New report finds more deaths of people experiencing homelessness

After soaring, figures begin to level off; fentanyl plays a key role
City Life
Homelessness

Illustration of deaths of people experiencing homelessness on the streets of Los Angeles

 

In 2022, a total of 2,374 people experiencing homelessness died in Los Angeles County. It marked the eighth consecutive annual increase, and was double the death toll in 2018.

 

While the number, part of a new report from the Los Angeles County Department of Public Health, is staggering, it also presents a reason for hope: The 7.8% increase over the 2021 count is something of a plateau, and county officials believe efforts to house and treat people experiencing homelessness are preventing even more deaths.

 

Bar chart of annual deaths of unhoused people in Los Angeles County

 

Public Health officials also cited the “all-cause crude mortality rate,” which takes into account the change in the number of people on the streets.
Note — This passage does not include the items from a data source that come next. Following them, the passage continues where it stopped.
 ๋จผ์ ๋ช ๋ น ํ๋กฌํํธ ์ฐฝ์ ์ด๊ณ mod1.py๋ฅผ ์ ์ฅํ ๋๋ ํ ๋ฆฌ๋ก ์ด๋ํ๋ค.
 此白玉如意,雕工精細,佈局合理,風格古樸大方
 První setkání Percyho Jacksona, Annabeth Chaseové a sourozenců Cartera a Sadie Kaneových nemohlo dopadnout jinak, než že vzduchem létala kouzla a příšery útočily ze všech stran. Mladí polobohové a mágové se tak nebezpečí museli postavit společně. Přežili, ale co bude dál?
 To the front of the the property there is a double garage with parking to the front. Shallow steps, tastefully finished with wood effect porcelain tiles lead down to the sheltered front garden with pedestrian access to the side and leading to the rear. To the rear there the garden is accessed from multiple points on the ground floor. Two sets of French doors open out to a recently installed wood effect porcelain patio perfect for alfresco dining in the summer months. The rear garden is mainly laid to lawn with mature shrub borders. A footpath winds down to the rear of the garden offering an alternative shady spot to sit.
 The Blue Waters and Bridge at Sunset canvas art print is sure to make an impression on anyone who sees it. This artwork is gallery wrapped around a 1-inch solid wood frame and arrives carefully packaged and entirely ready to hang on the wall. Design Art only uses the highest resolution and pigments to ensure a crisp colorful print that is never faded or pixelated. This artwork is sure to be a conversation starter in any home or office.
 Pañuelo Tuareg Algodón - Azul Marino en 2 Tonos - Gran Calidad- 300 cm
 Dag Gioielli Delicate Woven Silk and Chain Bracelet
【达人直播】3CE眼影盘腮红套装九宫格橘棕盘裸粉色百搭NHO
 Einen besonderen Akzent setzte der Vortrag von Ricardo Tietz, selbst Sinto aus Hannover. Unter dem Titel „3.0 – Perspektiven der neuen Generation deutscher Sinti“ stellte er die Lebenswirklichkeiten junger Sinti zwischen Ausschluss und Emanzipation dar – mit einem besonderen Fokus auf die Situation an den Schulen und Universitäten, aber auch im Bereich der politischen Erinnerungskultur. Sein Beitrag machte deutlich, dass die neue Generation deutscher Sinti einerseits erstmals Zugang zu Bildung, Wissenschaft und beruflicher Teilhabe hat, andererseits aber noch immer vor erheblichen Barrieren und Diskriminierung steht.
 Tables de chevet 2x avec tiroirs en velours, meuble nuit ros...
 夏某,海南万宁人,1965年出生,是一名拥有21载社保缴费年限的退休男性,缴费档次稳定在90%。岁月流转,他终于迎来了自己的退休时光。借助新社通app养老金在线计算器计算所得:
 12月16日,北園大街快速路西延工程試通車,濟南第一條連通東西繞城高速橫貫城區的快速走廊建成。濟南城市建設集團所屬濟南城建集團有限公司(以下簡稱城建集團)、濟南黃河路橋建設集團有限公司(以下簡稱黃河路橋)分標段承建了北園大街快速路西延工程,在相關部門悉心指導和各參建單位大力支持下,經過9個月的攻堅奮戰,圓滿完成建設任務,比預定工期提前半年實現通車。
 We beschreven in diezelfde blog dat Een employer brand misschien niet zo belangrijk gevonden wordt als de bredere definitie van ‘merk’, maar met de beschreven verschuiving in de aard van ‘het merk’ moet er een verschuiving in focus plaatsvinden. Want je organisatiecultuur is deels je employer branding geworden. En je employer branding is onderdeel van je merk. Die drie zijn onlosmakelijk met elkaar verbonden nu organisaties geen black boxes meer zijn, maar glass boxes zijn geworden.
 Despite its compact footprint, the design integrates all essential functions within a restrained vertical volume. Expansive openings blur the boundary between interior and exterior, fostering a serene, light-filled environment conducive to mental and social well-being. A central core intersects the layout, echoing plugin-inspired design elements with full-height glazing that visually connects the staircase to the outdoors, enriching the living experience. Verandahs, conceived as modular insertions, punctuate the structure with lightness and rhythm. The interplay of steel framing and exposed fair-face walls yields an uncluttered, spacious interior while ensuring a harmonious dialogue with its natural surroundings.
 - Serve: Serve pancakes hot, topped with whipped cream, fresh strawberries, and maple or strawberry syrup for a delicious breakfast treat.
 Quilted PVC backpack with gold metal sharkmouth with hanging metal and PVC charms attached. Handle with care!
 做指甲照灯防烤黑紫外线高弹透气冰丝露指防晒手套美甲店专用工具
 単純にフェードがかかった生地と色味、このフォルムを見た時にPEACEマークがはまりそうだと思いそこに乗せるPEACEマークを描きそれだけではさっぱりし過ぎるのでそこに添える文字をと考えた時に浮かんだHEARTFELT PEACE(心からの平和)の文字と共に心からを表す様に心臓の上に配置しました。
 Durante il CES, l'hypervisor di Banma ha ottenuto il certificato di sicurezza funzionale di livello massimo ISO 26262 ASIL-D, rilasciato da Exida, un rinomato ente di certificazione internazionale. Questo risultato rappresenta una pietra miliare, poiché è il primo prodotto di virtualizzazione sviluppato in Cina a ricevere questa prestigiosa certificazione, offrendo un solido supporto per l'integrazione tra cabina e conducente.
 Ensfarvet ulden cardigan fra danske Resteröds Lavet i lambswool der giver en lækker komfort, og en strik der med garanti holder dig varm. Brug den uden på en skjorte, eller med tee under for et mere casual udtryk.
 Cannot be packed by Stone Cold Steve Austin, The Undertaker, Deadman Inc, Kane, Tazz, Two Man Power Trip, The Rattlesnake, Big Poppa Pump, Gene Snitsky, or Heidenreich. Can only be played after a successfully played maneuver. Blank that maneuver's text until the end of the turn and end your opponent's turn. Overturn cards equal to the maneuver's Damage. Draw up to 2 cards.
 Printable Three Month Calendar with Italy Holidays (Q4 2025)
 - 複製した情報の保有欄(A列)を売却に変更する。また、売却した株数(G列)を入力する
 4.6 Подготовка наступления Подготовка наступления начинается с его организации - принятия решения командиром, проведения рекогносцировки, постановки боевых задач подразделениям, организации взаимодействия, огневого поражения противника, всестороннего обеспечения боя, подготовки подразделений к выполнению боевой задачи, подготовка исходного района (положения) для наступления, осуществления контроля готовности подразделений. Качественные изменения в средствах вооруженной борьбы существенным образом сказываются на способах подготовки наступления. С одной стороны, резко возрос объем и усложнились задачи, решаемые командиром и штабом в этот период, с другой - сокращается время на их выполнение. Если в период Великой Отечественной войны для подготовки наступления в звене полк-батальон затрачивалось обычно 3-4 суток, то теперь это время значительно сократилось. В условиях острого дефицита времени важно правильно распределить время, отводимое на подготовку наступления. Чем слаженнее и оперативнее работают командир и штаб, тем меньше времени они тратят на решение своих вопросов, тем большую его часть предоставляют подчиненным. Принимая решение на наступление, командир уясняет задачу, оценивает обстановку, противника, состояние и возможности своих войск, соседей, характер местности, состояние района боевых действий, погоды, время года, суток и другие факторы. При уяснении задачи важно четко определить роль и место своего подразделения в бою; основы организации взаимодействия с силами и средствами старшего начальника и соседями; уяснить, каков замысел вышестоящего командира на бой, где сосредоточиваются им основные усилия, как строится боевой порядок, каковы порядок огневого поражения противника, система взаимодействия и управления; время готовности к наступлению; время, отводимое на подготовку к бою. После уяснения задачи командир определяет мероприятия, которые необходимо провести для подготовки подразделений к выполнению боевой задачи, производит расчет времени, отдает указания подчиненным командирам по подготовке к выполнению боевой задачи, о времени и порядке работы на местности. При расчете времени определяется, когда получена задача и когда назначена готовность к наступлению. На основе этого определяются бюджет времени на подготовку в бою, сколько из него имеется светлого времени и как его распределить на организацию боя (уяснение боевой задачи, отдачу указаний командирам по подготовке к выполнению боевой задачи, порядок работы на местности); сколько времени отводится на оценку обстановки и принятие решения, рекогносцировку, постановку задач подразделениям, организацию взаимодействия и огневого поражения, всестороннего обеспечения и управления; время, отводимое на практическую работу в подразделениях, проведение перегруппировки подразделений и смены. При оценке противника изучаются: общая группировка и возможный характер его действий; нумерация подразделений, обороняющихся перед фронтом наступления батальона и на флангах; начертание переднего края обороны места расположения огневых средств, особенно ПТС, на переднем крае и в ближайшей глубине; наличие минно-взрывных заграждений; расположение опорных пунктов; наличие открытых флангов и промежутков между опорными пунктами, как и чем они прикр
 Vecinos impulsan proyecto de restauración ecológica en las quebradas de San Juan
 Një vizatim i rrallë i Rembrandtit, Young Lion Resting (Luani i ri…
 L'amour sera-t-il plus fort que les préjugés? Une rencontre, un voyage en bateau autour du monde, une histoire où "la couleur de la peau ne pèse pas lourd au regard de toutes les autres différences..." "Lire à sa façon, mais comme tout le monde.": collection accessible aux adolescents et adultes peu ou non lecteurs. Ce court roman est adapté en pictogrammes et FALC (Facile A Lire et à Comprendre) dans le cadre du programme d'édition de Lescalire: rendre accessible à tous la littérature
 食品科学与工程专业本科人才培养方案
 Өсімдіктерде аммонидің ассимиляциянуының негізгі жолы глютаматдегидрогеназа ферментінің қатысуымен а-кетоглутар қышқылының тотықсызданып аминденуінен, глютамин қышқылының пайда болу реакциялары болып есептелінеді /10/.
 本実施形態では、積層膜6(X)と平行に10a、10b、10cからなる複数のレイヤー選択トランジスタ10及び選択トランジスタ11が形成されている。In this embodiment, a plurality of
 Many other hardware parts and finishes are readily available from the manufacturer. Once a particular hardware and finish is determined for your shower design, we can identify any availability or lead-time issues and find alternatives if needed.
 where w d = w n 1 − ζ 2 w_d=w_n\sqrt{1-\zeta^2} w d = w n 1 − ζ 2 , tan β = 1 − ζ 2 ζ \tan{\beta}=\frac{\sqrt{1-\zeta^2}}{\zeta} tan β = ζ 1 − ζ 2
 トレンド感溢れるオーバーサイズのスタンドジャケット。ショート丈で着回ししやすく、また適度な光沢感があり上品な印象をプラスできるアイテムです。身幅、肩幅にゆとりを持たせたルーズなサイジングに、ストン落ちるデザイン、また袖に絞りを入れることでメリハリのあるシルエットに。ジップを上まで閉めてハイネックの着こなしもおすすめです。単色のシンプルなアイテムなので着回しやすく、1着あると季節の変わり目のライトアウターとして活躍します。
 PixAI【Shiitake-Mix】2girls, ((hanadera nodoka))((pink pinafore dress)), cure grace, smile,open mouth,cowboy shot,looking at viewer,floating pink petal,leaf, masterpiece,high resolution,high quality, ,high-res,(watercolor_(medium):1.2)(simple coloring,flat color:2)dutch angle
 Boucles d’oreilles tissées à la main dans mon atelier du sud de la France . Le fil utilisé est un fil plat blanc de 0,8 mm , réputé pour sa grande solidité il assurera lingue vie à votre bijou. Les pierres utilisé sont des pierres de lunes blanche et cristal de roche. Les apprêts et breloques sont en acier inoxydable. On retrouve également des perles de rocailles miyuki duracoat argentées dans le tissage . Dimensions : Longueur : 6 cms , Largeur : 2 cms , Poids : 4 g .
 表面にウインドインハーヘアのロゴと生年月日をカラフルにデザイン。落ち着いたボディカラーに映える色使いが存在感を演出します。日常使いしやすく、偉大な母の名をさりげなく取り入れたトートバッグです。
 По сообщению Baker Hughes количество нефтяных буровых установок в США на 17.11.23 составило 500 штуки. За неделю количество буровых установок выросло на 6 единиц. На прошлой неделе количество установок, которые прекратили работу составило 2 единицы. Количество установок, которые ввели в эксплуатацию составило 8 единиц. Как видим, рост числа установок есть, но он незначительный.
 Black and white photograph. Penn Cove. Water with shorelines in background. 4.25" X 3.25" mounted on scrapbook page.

That set the 2022 rate at 3,282 deaths per 100,000 people, a 2% increase from the 2021 figure of 3,215.

 

Dr. Barbara Ferrer, director of the County Department of Public Health, pointed to the dangers facing those on the streets.

 

“​​People experiencing homelessness are 40 times more likely to die of an overdose, 18 times more likely to be a homicide victim, and four times more likely to die of coronary heart disease than people in L.A. County’s population as a whole,” she stated in a Thursday morning online presentation of the 37-page report.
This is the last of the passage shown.